## [To do]
Every line below from the one with "太阳似火,依傍树荫,黑茶品饮" through the one with "Ein besonderes Highlight" is to be repeated exactly, with no picture among them.

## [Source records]
☆ ☆ ☆ ☆ ☆

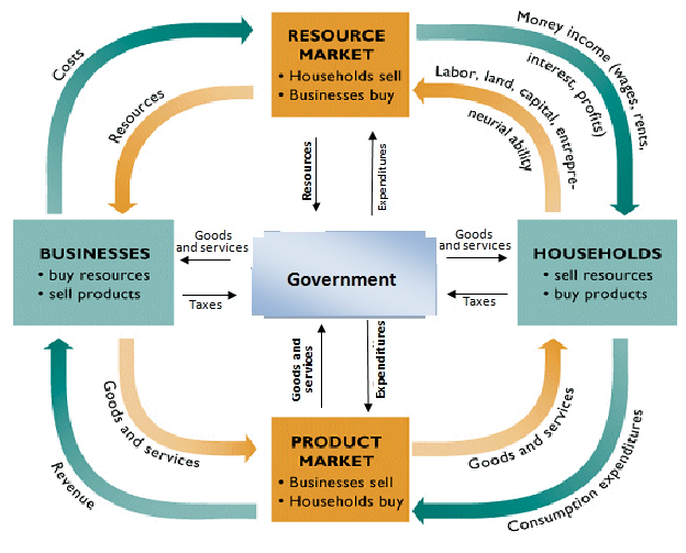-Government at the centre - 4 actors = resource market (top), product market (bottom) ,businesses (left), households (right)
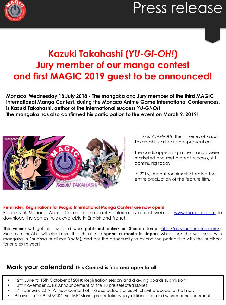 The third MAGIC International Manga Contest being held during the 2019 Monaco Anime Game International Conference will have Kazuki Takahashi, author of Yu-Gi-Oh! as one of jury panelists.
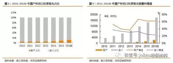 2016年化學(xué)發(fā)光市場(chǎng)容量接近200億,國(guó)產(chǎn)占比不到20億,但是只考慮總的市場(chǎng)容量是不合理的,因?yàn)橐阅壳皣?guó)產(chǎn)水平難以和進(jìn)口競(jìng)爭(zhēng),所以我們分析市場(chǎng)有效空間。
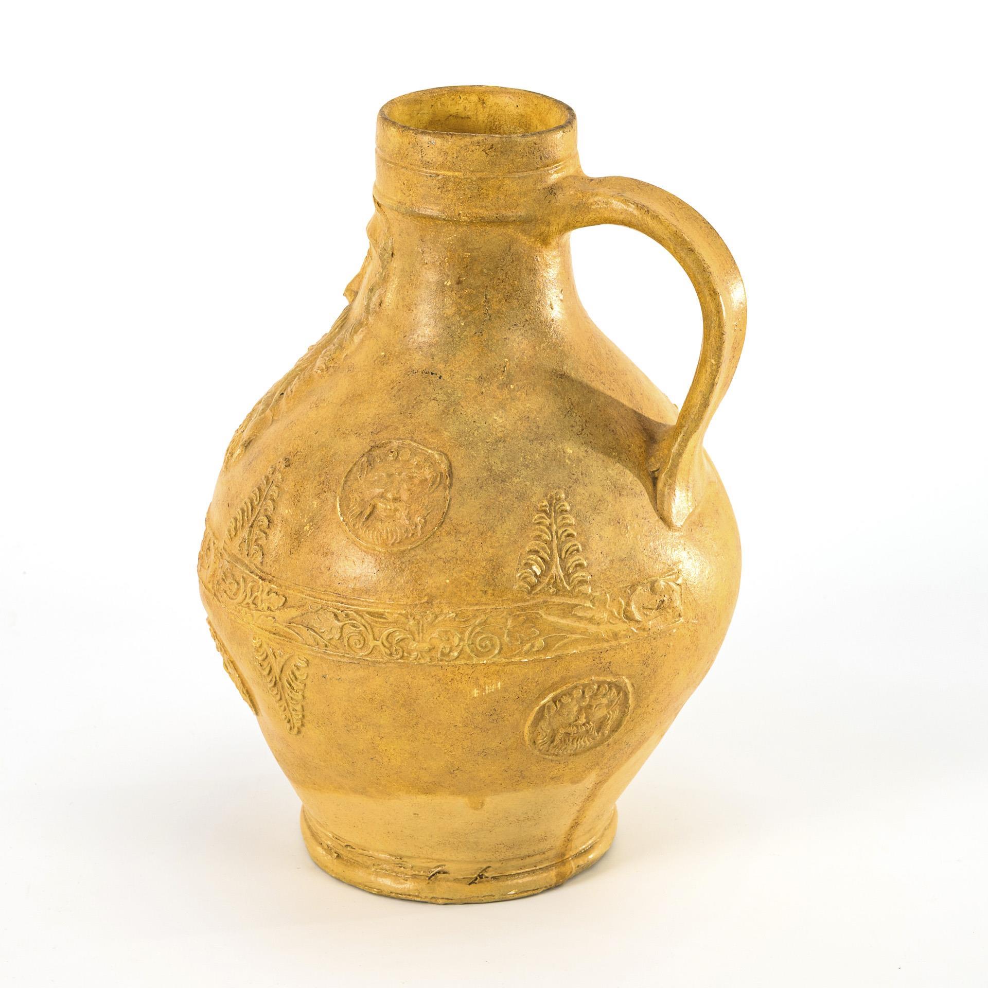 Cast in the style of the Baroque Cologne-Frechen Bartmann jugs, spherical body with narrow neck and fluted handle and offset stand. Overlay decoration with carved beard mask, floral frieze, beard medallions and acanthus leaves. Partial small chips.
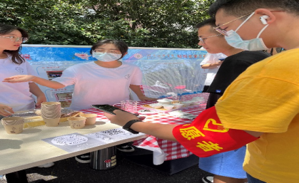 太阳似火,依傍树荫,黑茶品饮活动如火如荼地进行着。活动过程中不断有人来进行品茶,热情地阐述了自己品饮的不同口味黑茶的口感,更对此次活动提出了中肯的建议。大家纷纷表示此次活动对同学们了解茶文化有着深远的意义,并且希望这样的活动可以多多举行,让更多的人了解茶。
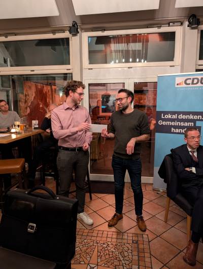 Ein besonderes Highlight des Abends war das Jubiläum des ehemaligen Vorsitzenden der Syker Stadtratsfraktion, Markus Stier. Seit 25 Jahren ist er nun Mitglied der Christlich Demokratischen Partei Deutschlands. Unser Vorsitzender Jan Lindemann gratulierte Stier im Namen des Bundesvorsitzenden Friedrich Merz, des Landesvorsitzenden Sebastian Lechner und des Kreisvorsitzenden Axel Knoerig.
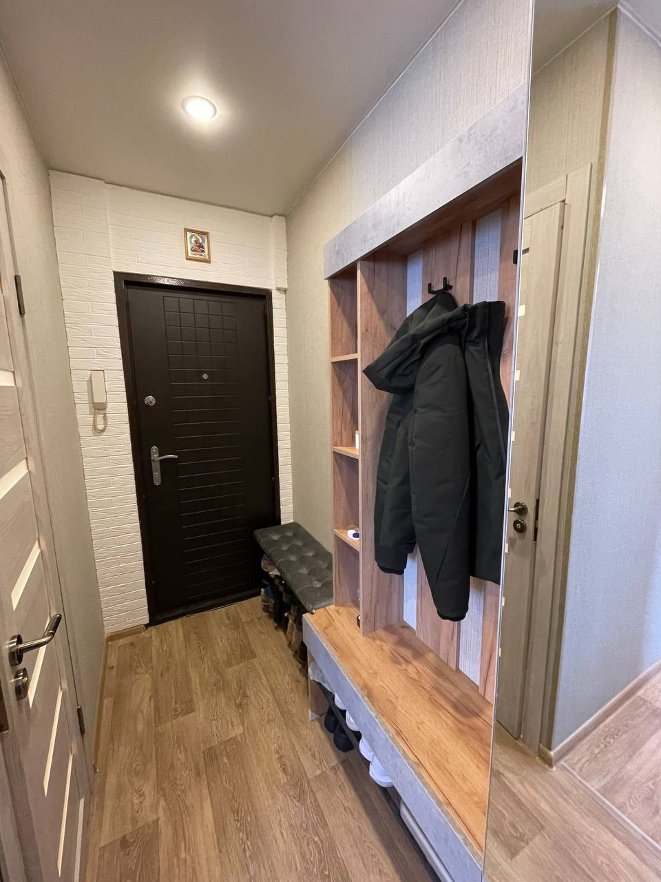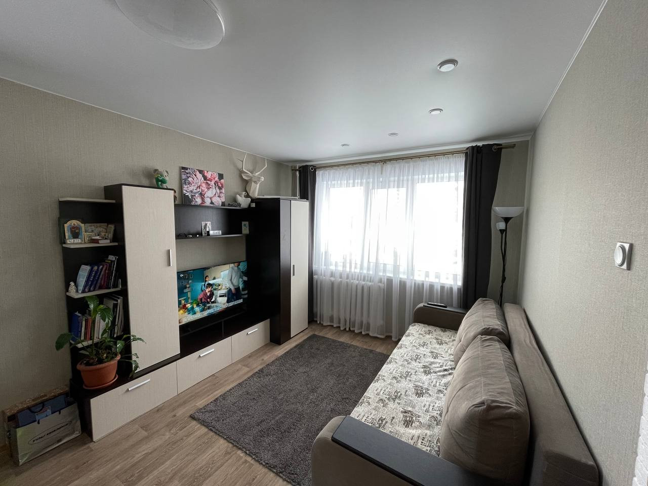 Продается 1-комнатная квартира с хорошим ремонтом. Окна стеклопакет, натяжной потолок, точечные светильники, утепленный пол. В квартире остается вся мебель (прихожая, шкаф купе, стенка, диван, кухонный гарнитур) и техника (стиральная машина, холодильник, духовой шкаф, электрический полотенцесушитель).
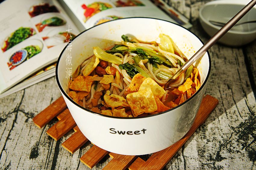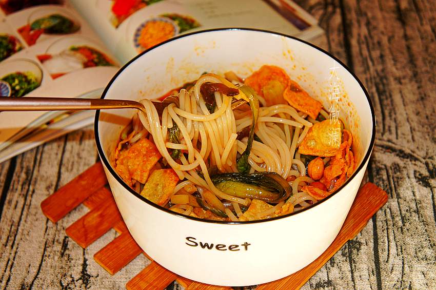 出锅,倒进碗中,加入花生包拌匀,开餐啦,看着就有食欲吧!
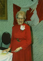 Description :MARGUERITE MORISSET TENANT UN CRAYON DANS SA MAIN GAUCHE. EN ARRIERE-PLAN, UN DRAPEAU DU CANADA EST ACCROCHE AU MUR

☆ ☆ ☆ ☆ ☆

## [Exercise response]
 太阳似火,依傍树荫,黑茶品饮活动如火如荼地进行着。活动过程中不断有人来进行品茶,热情地阐述了自己品饮的不同口味黑茶的口感,更对此次活动提出了中肯的建议。大家纷纷表示此次活动对同学们了解茶文化有着深远的意义,并且希望这样的活动可以多多举行,让更多的人了解茶。
 Ein besonderes Highlight des Abends war das Jubiläum des ehemaligen Vorsitzenden der Syker Stadtratsfraktion, Markus Stier. Seit 25 Jahren ist er nun Mitglied der Christlich Demokratischen Partei Deutschlands. Unser Vorsitzender Jan Lindemann gratulierte Stier im Namen des Bundesvorsitzenden Friedrich Merz, des Landesvorsitzenden Sebastian Lechner und des Kreisvorsitzenden Axel Knoerig.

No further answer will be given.